Step-by-Step Directions
Step One – Add enough cooking oil to coat the bottom of the pan and add the stew meat.
Step Two – Brown the stew meat on all sides
Step Three – Add meat to slow cooker.
Step Four – Then add the carrots, onion, celery, diced tomatoes, beans, beef broth, tomato paste, salt, pepper, onion powder and oregano.
Step Five – Stir everything together until well combined.
Step Six – Cover and cook on LOW for 9 hours without opening the lid during the cooking time. Serve and enjoy!
What to serve with this soup?
- Serve the beef and bean soup topped with parmesan cheese and French crusty bread for dipping. It also goes great with butter swim biscuits.

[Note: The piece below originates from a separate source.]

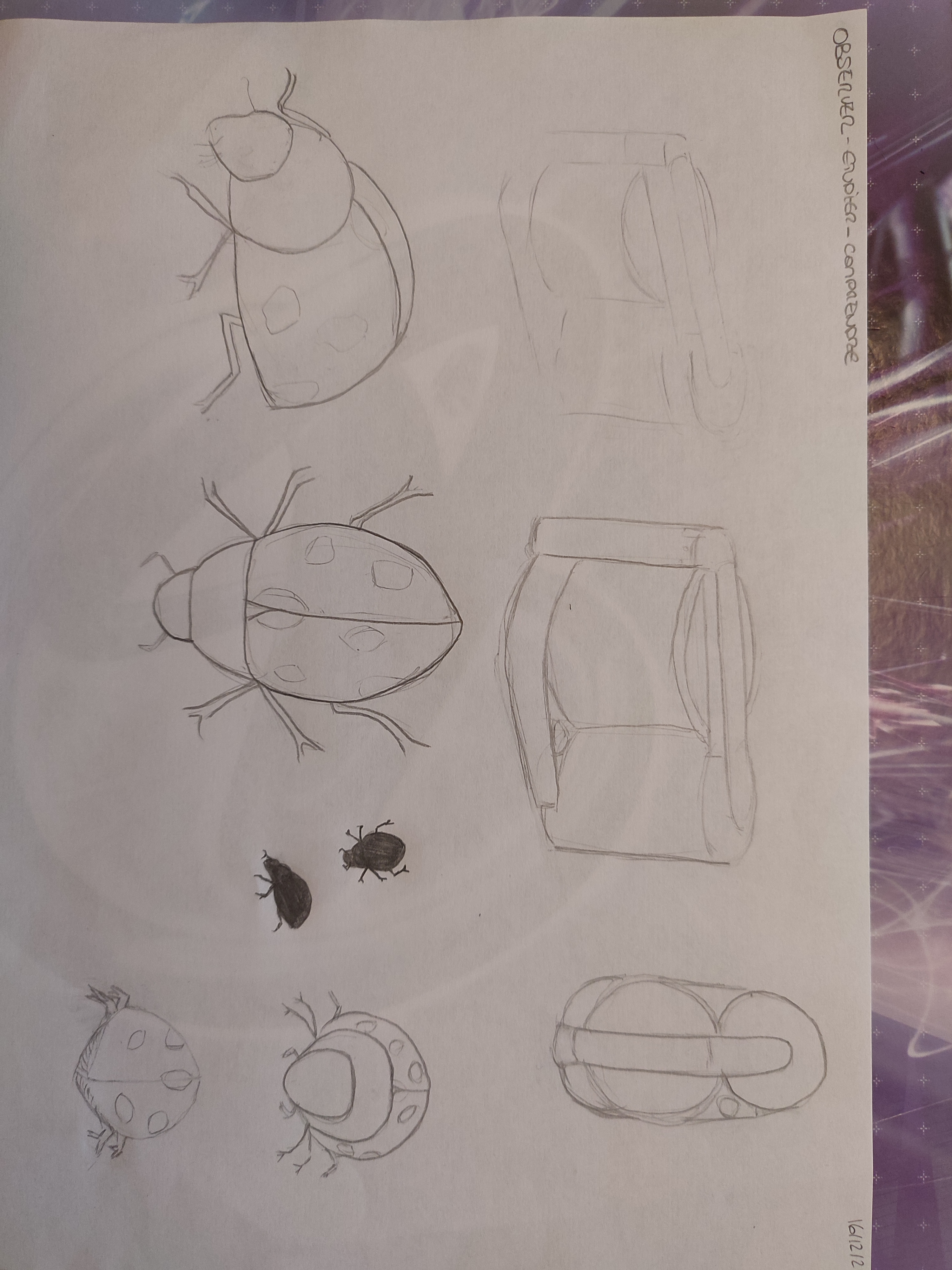 Bonjour Laurianegribouille ! Alors je vais corriger ici seulement l'exercice 1, la coccinelle sera à poster dans le sujet de l'exercice 2 :) Tu as plutôt bien compris l'objet, mais tu n'as fait que deux vues, tu pourrais essayer de le dessiner de profil ou de face par exemple ^^ Voici ma correction dessinée.

- If you’re looking to add some extra flair, consider topping it with a dollop of sour cream or a sprinkle of grated cheese.
Recipe FAQs
After allowing the soup to cool, store it in an airtight container in the refrigerator for up to three days. For longer storage, freeze the soup in freezer-safe containers.
Absolutely! While this recipe calls for ground beef, you can easily substitute it with ground turkey for a leaner option or Italian sausage or short ribs.
Yes, you can! Simply follow the same steps but instead of using a slow cooker, simmer the soup in a large pot on the stove for 1-2 hours until the beef is tender and the flavors have melded together.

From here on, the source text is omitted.